Я помог ей принести пачки газет и распаковать их. Напротив как раз приехал с рынка Шмиц на своем грузовичке, и я отскочил в глубь парадного, чтобы он меня не увидел, но он меня все равно увидел. У соседей зорче глаз, чем у самого черта. Я стоял в лавке, смотрел на свежие газеты – обычно мужчины накидываются на них как сумасшедшие. А меня газеты интересуют только по вечерам или когда я лежу в ванне, а в ванне самые серьезные газеты кажутся мне такими же глупыми, как вечерние выпуски. В это утро заголовок гласил: «Штраус – со всеми вытекающими отсюда последствиями». Все-таки, наверно, лучше было бы поручить передовицы и заголовки кибернетическим машинам. Есть границы, за которыми слабоумие уже должно быть запрещено. Задребезжал звонок в лавке, вошла девчушка лет восьми-девяти, краснощекая, чисто вымытая, с молитвенником под мышкой.
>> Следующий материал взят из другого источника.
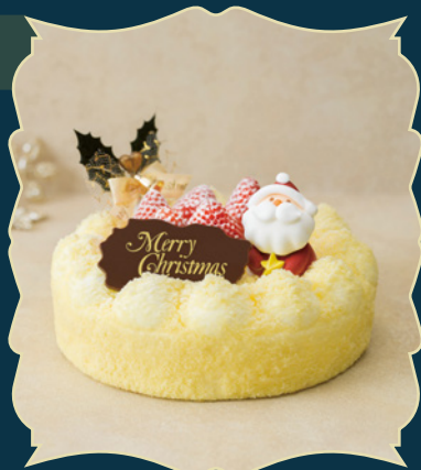
CHRISTMAS DOUBLE クリスマスドゥブル

– Дайте подушечек, – сказала она, – на десять пфеннигов.
Я не знал, сколько подушечек надо дать на десять пфеннигов, открыл банку, отсчитал двадцать штук и впервые устыдился своих не очень чистых ногтей – через толстое стекло банки они казались огромными. Девчушка смотрела на меня с изумлением, когда я положил в пакетик двадцать подушечек, но я сказал:
– Все в порядке, можешь идти, – и, взяв ее монетку с прилавка, бросил в кассу.
Мари вернулась в лавку и расхохоталась, когда я ей гордо показал монетку.
– А теперь пора идти, – сказала она.
– А почему, собственно говоря? – спросил я. – Разве мне нельзя дождаться, пока спустится твой отец?
– Нет, ты возвращайся к девяти, когда он спустится вниз, – сказала она. – Иди же, ты должен все рассказать своему брату Лео, пока он от других не узнал.
– Да, – сказал я, – ты права, а ты, – и я опять покраснел, – разве тебе не надо в школу?
– Сегодня я не пойду, – сказала она, – и вообще больше туда не пойду. Возвращайся поскорее!
Мне было ужасно трудно расставаться с ней, она проводила меня до выхода из лавки, и я поцеловал ее при открытых дверях, так что Шмиц с супругой могли видеть нас с той стороны. Они вылупили глаза, как рыбы, обнаружившие, что крючок давно проглочен.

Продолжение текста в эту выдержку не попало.